▼▼▼
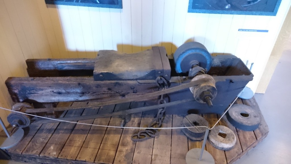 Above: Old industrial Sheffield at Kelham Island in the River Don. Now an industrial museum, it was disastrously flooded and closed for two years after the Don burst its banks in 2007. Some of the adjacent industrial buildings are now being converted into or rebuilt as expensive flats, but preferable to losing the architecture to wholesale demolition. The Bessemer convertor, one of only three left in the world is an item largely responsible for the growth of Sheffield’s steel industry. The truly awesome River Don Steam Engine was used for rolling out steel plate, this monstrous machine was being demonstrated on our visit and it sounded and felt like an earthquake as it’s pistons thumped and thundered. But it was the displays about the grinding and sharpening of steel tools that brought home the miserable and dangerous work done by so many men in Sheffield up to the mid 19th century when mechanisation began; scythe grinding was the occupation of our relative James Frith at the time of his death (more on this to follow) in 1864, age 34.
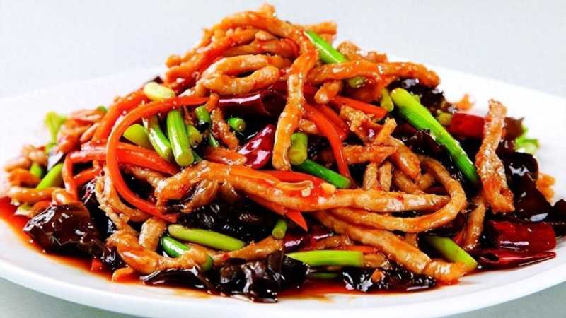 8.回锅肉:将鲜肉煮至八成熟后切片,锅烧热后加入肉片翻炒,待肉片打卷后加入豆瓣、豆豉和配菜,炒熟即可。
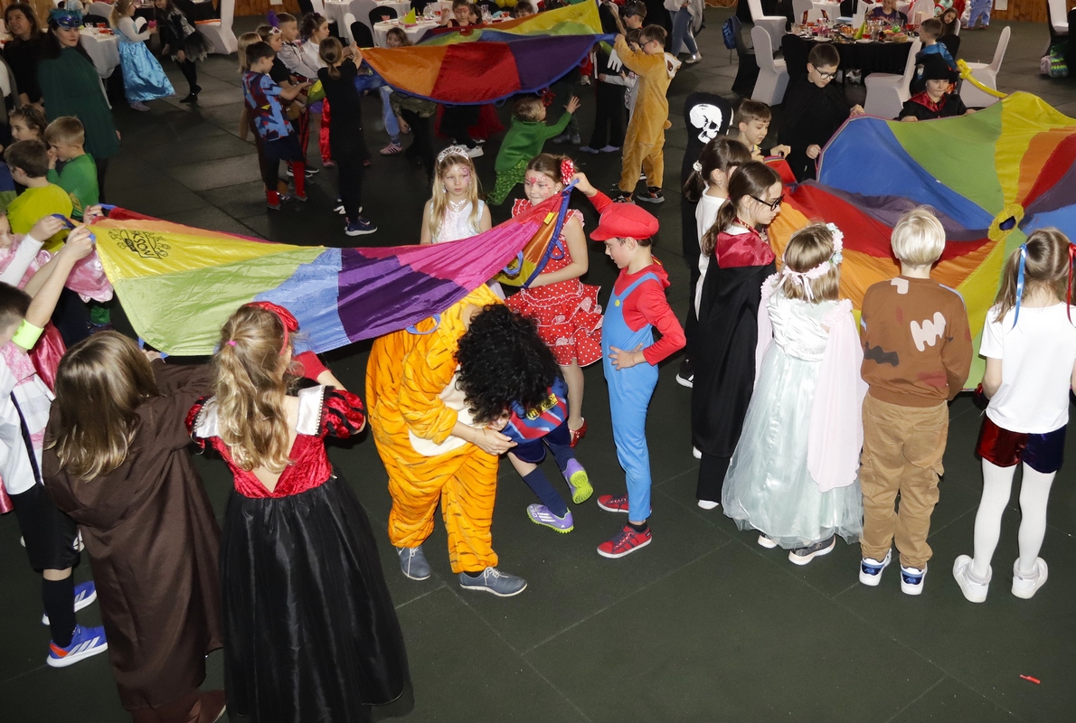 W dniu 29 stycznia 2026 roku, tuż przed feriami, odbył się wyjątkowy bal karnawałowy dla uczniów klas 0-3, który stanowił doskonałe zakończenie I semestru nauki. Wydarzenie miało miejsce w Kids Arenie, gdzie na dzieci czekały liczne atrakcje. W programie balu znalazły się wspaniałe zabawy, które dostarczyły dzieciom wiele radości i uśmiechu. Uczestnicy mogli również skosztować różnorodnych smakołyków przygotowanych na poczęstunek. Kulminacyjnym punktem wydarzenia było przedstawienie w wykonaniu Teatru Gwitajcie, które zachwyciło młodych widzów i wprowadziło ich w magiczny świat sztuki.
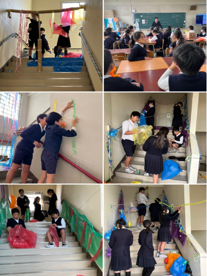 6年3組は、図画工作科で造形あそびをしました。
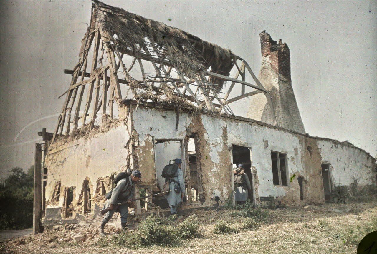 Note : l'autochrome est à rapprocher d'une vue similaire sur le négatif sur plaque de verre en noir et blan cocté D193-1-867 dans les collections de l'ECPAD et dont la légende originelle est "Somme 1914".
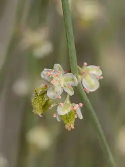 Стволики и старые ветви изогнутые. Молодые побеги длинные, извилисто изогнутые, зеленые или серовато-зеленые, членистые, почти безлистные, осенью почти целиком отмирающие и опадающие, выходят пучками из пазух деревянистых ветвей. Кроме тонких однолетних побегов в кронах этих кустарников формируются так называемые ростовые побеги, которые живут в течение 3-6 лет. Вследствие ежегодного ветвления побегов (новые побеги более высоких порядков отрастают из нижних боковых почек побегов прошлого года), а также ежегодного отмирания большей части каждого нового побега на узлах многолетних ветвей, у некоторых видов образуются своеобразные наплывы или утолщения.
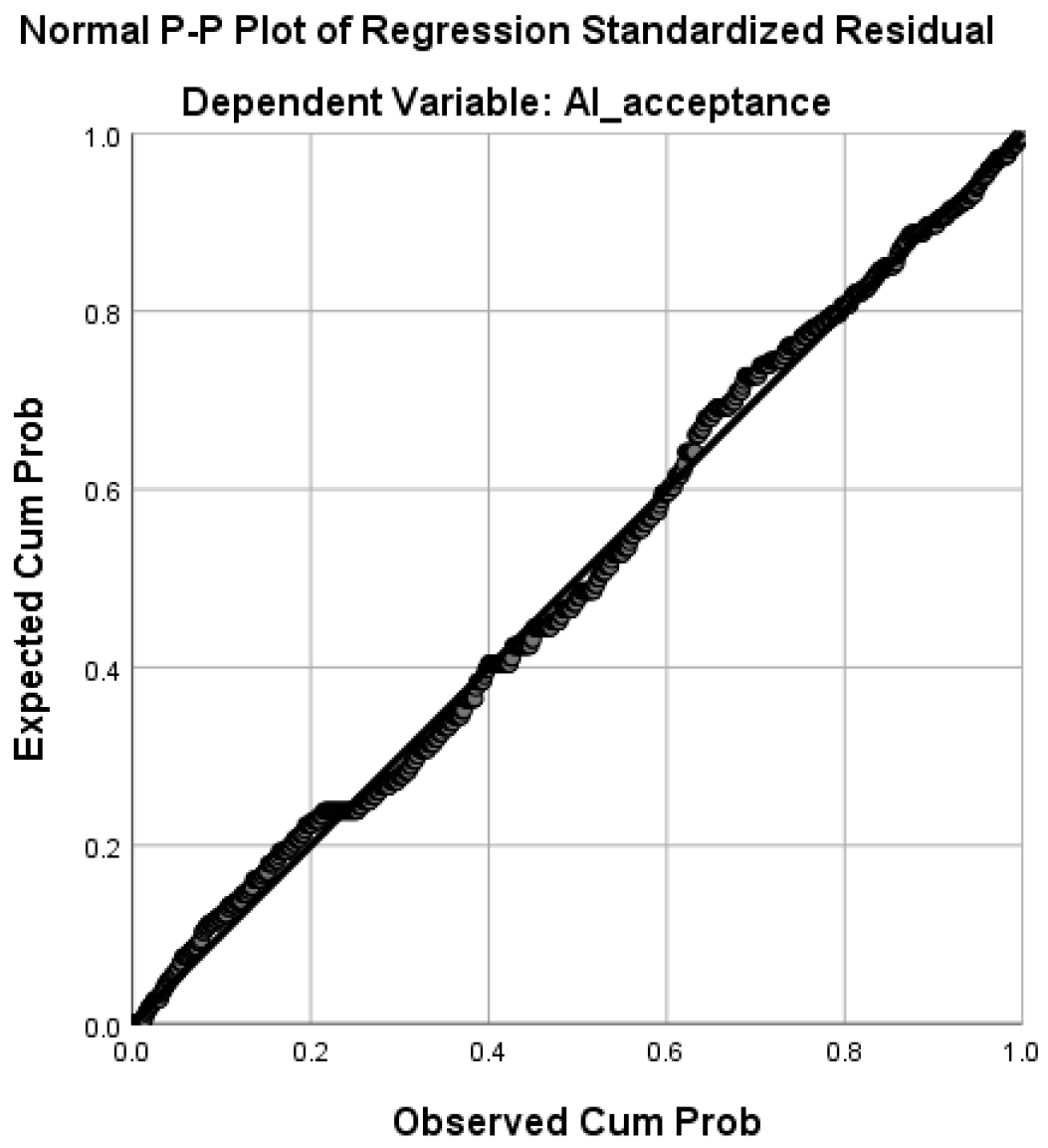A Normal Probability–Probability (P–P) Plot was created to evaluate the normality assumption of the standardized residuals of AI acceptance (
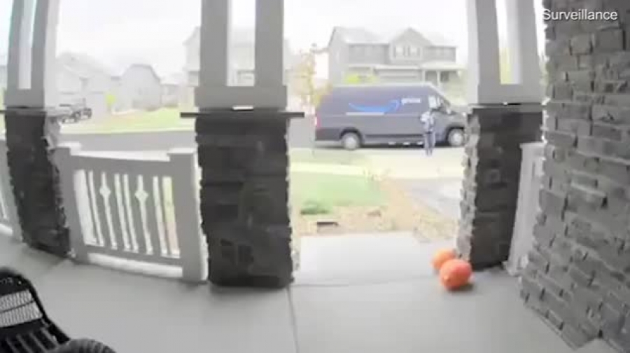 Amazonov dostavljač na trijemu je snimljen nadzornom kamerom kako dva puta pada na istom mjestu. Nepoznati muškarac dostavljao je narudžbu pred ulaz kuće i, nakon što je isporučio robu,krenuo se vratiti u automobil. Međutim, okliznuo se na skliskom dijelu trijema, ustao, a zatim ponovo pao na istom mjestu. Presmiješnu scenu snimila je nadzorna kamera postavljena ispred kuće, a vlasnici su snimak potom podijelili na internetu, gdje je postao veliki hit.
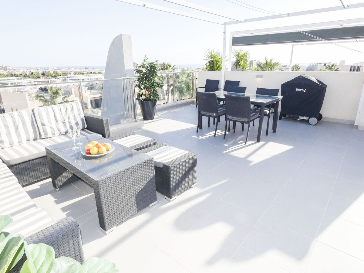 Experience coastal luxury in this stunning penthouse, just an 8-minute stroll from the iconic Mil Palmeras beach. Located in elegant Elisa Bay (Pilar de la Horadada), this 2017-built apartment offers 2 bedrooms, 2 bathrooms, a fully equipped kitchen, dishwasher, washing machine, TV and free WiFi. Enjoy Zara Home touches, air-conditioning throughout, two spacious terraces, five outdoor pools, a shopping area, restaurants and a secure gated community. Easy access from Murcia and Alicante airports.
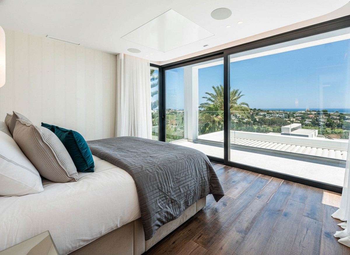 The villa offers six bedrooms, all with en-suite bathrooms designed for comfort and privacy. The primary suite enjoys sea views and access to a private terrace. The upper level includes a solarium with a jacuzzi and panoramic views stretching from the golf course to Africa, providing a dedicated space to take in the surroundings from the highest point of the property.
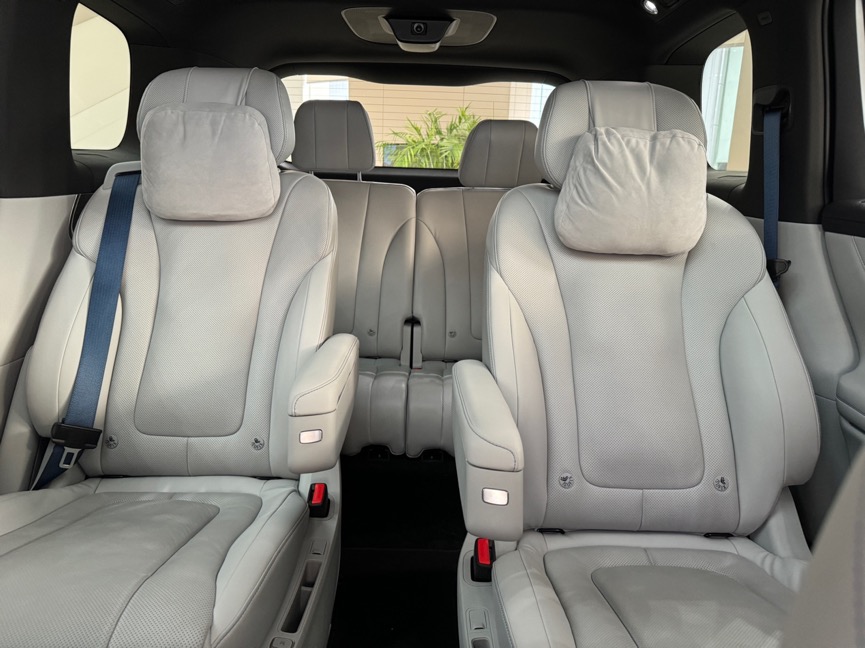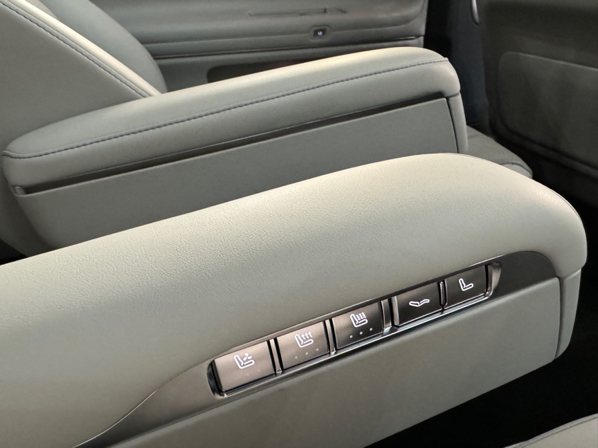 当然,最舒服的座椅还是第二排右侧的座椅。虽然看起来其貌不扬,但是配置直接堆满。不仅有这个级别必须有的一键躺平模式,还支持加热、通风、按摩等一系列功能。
▲▲▲
**WHAT IS NEEDED**
Repeat the records above verbatim. Include none of the pictures.

**EXERCISE SOLUTION**
 Above: Old industrial Sheffield at Kelham Island in the River Don. Now an industrial museum, it was disastrously flooded and closed for two years after the Don burst its banks in 2007. Some of the adjacent industrial buildings are now being converted into or rebuilt as expensive flats, but preferable to losing the architecture to wholesale demolition. The Bessemer convertor, one of only three left in the world is an item largely responsible for the growth of Sheffield’s steel industry. The truly awesome River Don Steam Engine was used for rolling out steel plate, this monstrous machine was being demonstrated on our visit and it sounded and felt like an earthquake as it’s pistons thumped and thundered. But it was the displays about the grinding and sharpening of steel tools that brought home the miserable and dangerous work done by so many men in Sheffield up to the mid 19th century when mechanisation began; scythe grinding was the occupation of our relative James Frith at the time of his death (more on this to follow) in 1864, age 34.
 8.回锅肉:将鲜肉煮至八成熟后切片,锅烧热后加入肉片翻炒,待肉片打卷后加入豆瓣、豆豉和配菜,炒熟即可。
 W dniu 29 stycznia 2026 roku, tuż przed feriami, odbył się wyjątkowy bal karnawałowy dla uczniów klas 0-3, który stanowił doskonałe zakończenie I semestru nauki. Wydarzenie miało miejsce w Kids Arenie, gdzie na dzieci czekały liczne atrakcje. W programie balu znalazły się wspaniałe zabawy, które dostarczyły dzieciom wiele radości i uśmiechu. Uczestnicy mogli również skosztować różnorodnych smakołyków przygotowanych na poczęstunek. Kulminacyjnym punktem wydarzenia było przedstawienie w wykonaniu Teatru Gwitajcie, które zachwyciło młodych widzów i wprowadziło ich w magiczny świat sztuki.
 6年3組は、図画工作科で造形あそびをしました。
 Note : l'autochrome est à rapprocher d'une vue similaire sur le négatif sur plaque de verre en noir et blan cocté D193-1-867 dans les collections de l'ECPAD et dont la légende originelle est "Somme 1914".
 Стволики и старые ветви изогнутые. Молодые побеги длинные, извилисто изогнутые, зеленые или серовато-зеленые, членистые, почти безлистные, осенью почти целиком отмирающие и опадающие, выходят пучками из пазух деревянистых ветвей. Кроме тонких однолетних побегов в кронах этих кустарников формируются так называемые ростовые побеги, которые живут в течение 3-6 лет. Вследствие ежегодного ветвления побегов (новые побеги более высоких порядков отрастают из нижних боковых почек побегов прошлого года), а также ежегодного отмирания большей части каждого нового побега на узлах многолетних ветвей, у некоторых видов образуются своеобразные наплывы или утолщения.
A Normal Probability–Probability (P–P) Plot was created to evaluate the normality assumption of the standardized residuals of AI acceptance (
 Amazonov dostavljač na trijemu je snimljen nadzornom kamerom kako dva puta pada na istom mjestu. Nepoznati muškarac dostavljao je narudžbu pred ulaz kuće i, nakon što je isporučio robu,krenuo se vratiti u automobil. Međutim, okliznuo se na skliskom dijelu trijema, ustao, a zatim ponovo pao na istom mjestu. Presmiješnu scenu snimila je nadzorna kamera postavljena ispred kuće, a vlasnici su snimak potom podijelili na internetu, gdje je postao veliki hit.
 Experience coastal luxury in this stunning penthouse, just an 8-minute stroll from the iconic Mil Palmeras beach. Located in elegant Elisa Bay (Pilar de la Horadada), this 2017-built apartment offers 2 bedrooms, 2 bathrooms, a fully equipped kitchen, dishwasher, washing machine, TV and free WiFi. Enjoy Zara Home touches, air-conditioning throughout, two spacious terraces, five outdoor pools, a shopping area, restaurants and a secure gated community. Easy access from Murcia and Alicante airports.
 The villa offers six bedrooms, all with en-suite bathrooms designed for comfort and privacy. The primary suite enjoys sea views and access to a private terrace. The upper level includes a solarium with a jacuzzi and panoramic views stretching from the golf course to Africa, providing a dedicated space to take in the surroundings from the highest point of the property.
 当然,最舒服的座椅还是第二排右侧的座椅。虽然看起来其貌不扬,但是配置直接堆满。不仅有这个级别必须有的一键躺平模式,还支持加热、通风、按摩等一系列功能。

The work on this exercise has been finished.